▶ [Directions]: The material below has pictures in it. Set down only the lines from the line containing "商品名称:摩恩 洗衣机龙头单冷水嘴4分 加长快开洗衣机水龙头全铜 9014" through the line containing "SVEN PS-390 Black, Bluetooth", word for word, and leave the pictures behind.

▶ [The input]:
»»

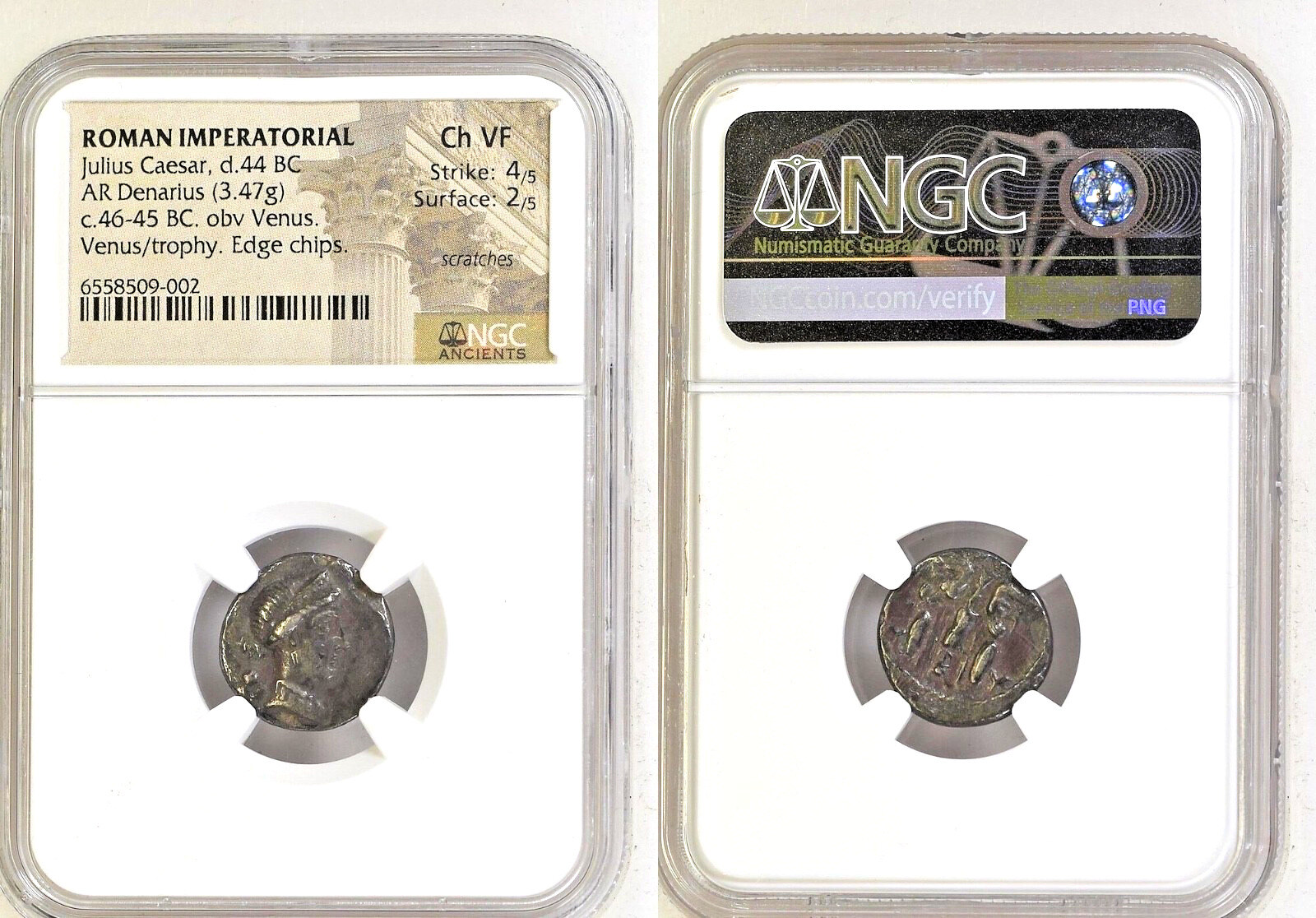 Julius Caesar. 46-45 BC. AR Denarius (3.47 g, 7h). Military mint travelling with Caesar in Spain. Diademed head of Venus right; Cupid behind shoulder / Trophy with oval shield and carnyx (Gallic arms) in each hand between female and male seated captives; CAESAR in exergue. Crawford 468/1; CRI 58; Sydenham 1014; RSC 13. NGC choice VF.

««
»»

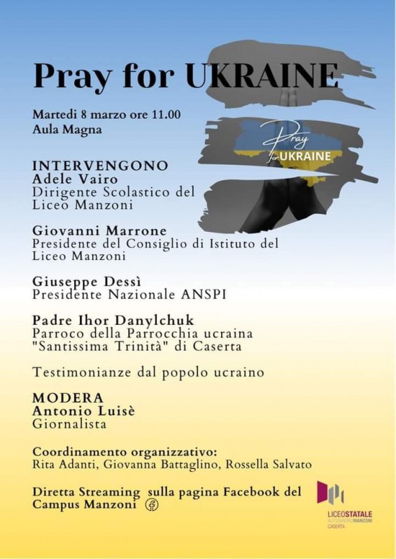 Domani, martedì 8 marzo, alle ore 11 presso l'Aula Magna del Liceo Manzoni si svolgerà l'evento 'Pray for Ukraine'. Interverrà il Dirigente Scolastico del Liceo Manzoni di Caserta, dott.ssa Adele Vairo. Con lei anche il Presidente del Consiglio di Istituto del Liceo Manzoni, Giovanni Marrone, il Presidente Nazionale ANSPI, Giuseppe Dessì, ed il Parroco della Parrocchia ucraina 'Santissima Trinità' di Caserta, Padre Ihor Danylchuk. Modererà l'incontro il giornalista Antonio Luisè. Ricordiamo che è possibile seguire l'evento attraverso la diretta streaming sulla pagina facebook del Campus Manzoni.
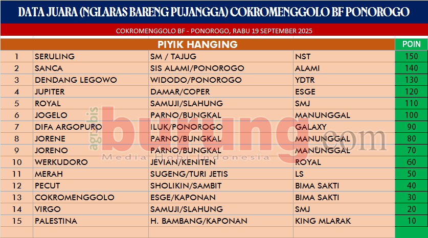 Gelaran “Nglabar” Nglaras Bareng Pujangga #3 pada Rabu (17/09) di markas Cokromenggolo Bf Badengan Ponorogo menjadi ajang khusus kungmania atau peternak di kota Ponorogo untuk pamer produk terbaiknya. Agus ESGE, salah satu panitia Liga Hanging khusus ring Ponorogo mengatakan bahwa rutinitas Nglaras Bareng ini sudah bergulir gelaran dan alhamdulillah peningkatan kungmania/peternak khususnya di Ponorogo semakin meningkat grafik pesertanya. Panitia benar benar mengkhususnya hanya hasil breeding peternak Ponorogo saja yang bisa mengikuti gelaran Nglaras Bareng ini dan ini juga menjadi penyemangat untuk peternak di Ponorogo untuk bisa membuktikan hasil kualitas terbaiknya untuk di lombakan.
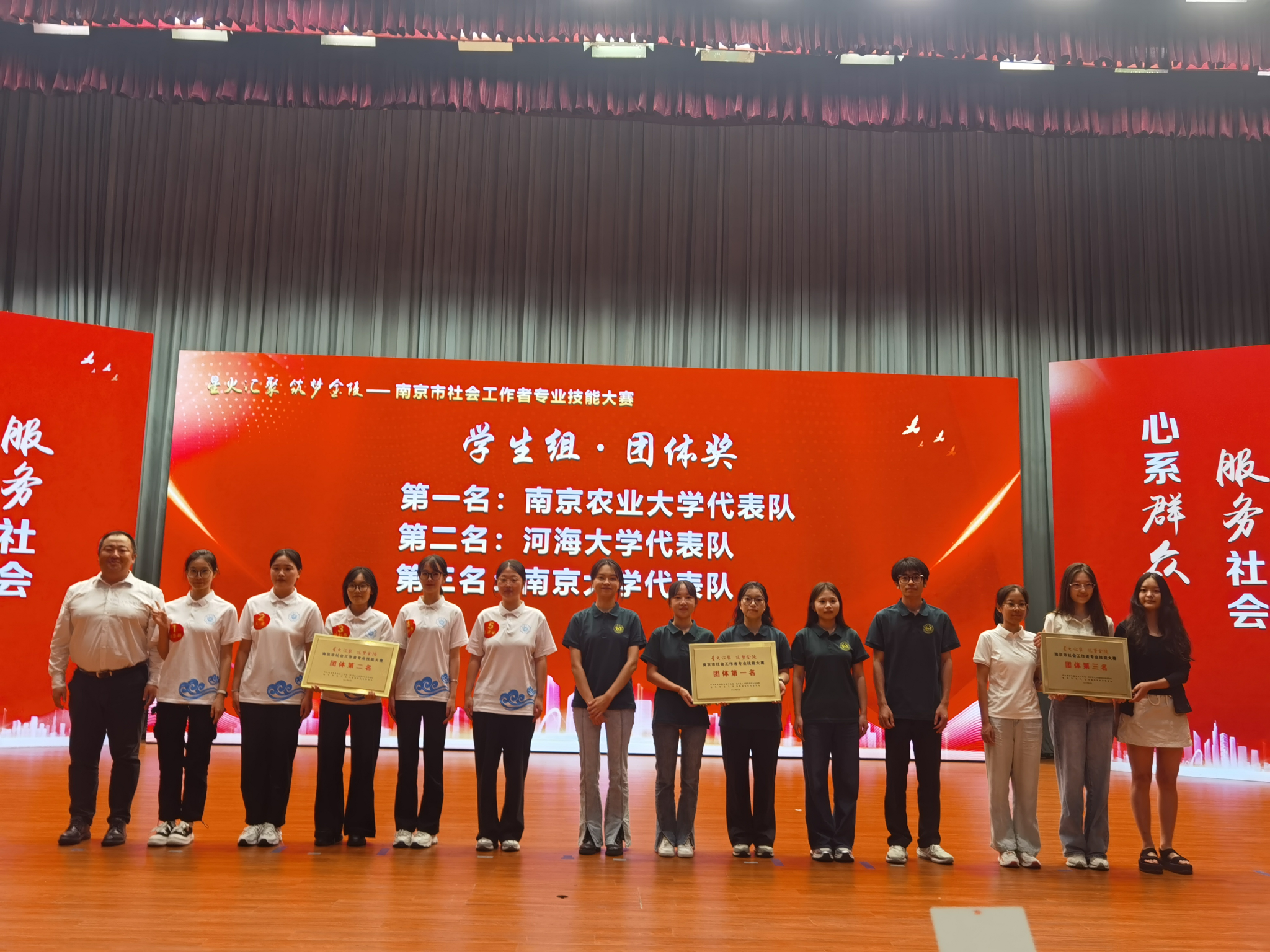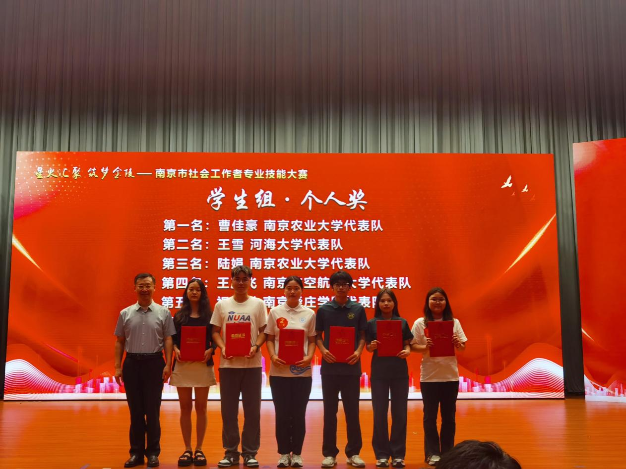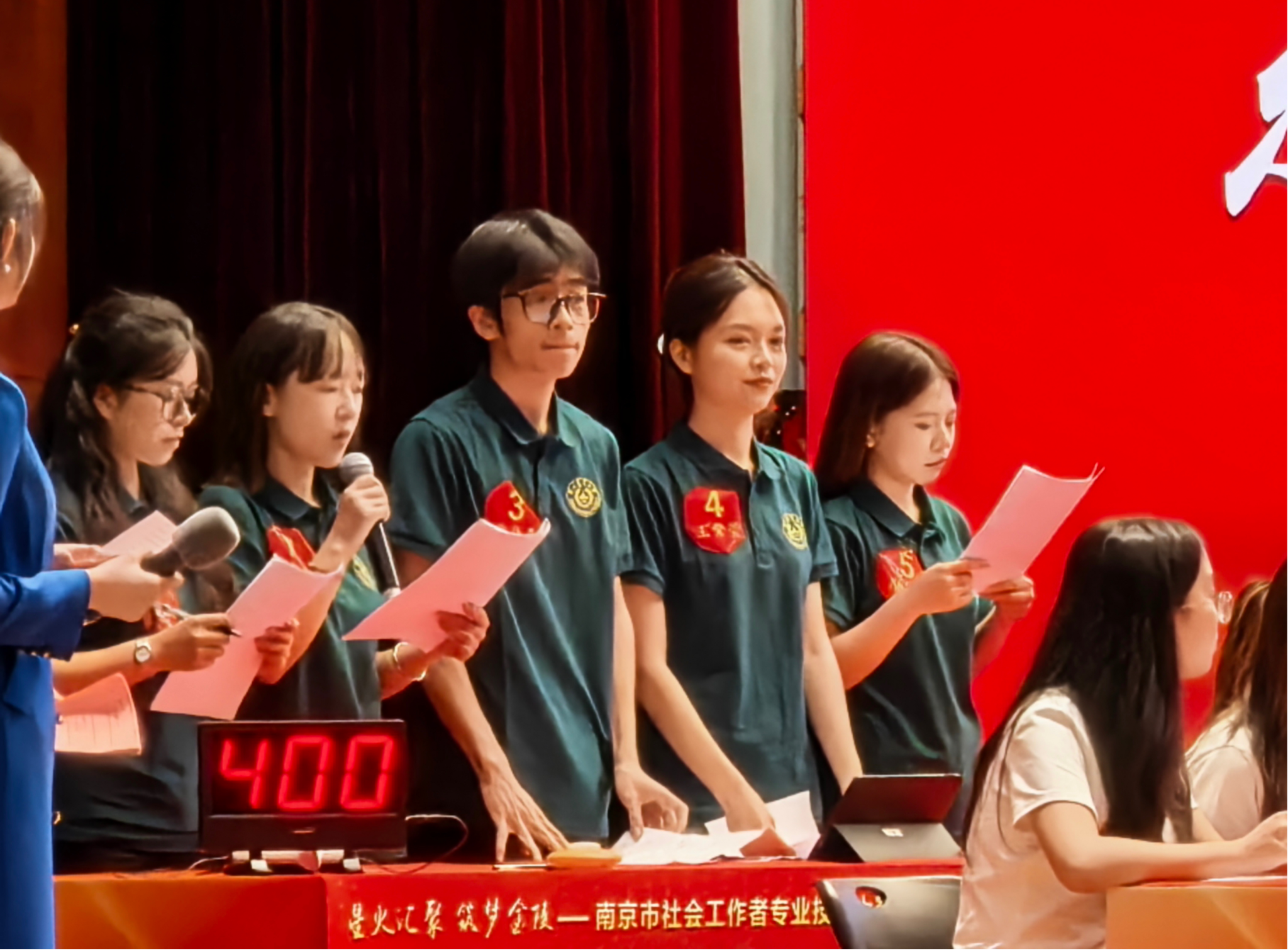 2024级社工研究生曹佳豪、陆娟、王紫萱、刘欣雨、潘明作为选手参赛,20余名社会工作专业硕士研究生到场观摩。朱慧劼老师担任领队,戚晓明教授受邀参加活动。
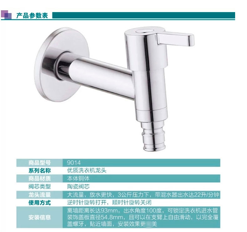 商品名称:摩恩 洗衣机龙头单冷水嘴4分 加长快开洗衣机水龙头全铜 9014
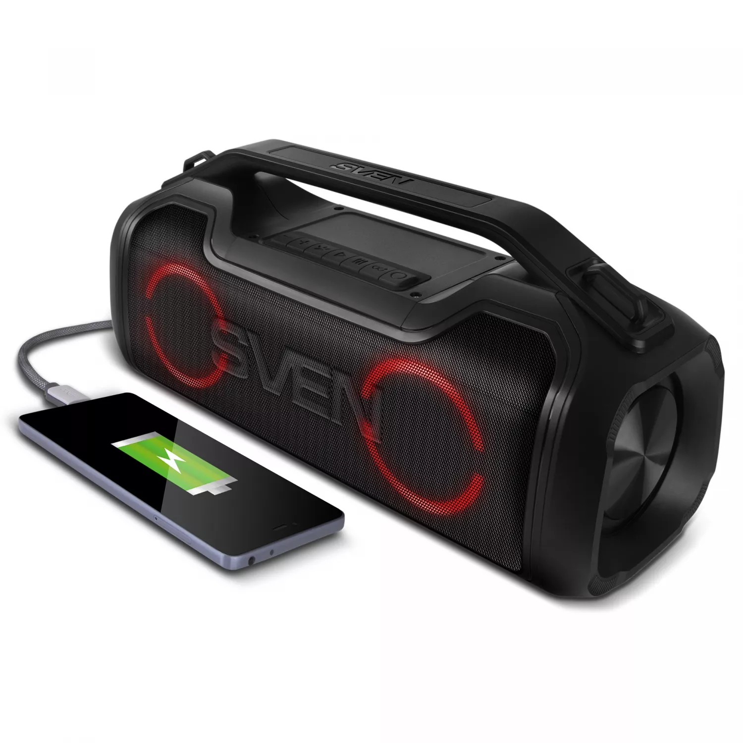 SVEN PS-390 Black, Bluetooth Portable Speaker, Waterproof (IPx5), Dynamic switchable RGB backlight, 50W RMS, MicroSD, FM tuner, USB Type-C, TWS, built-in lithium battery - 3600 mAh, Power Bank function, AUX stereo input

««
»»

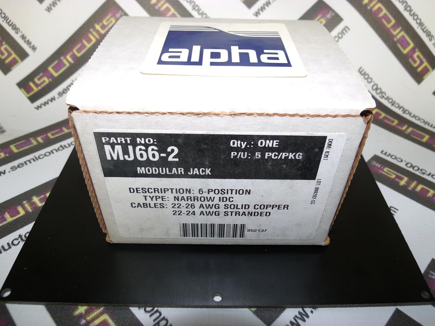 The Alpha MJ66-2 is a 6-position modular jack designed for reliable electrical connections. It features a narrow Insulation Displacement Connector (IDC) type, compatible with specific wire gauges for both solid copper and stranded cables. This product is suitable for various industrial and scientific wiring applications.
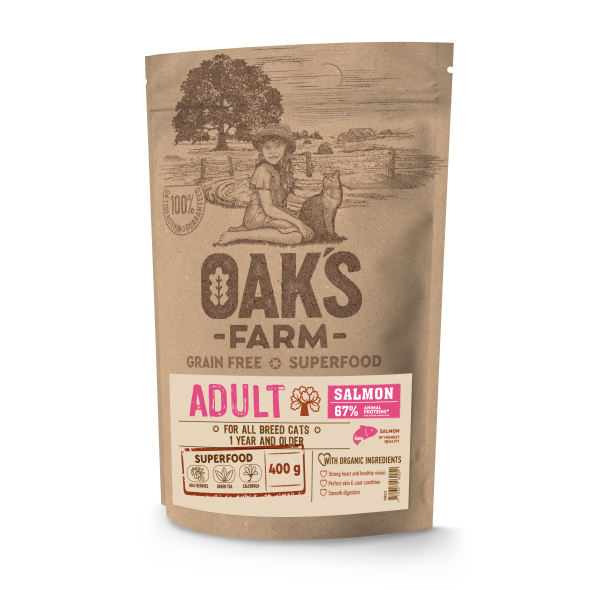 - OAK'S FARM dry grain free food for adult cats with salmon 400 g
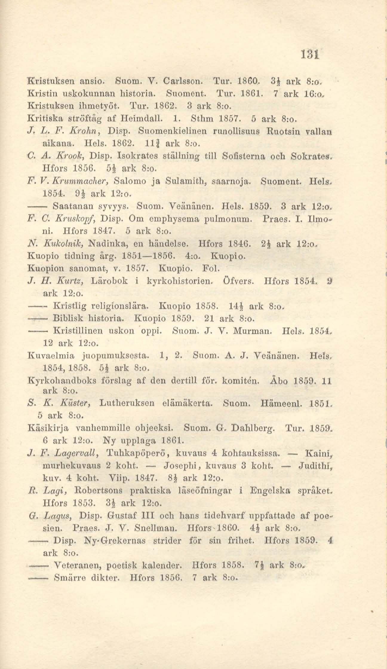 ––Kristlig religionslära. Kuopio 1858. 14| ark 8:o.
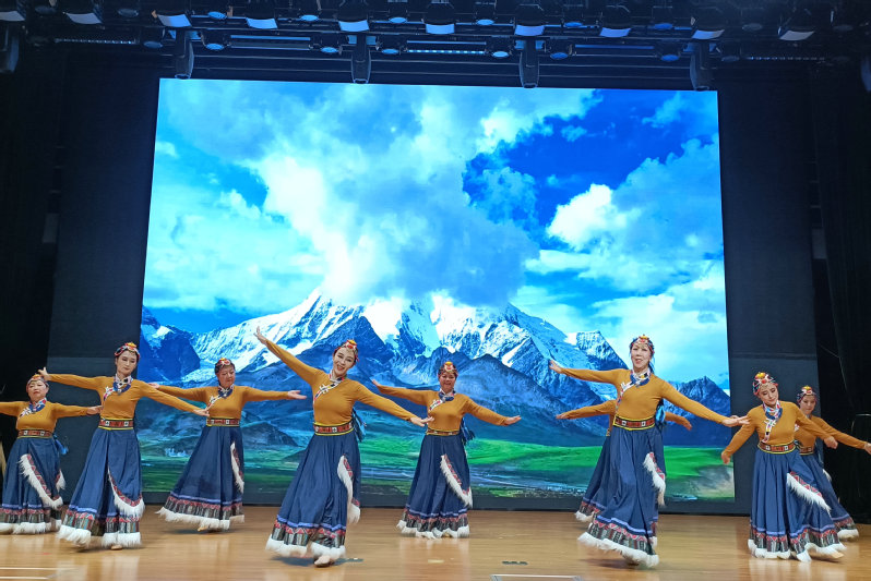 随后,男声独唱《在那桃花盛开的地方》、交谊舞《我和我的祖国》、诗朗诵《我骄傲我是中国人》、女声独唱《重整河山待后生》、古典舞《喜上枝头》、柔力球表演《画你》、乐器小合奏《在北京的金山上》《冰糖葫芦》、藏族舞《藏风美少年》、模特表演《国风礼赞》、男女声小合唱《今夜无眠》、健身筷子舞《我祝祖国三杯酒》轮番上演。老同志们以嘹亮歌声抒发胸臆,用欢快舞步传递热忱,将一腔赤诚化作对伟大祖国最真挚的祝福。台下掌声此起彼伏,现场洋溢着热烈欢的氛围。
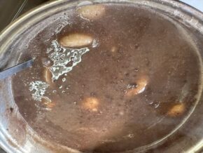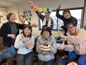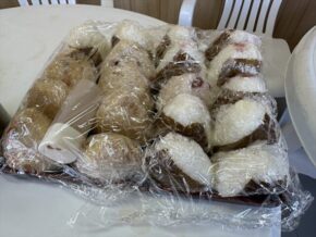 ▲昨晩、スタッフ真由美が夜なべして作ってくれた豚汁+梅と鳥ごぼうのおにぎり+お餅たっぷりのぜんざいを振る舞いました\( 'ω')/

««

▶ [Solution]:
 商品名称:摩恩 洗衣机龙头单冷水嘴4分 加长快开洗衣机水龙头全铜 9014
 SVEN PS-390 Black, Bluetooth Portable Speaker, Waterproof (IPx5), Dynamic switchable RGB backlight, 50W RMS, MicroSD, FM tuner, USB Type-C, TWS, built-in lithium battery - 3600 mAh, Power Bank function, AUX stereo input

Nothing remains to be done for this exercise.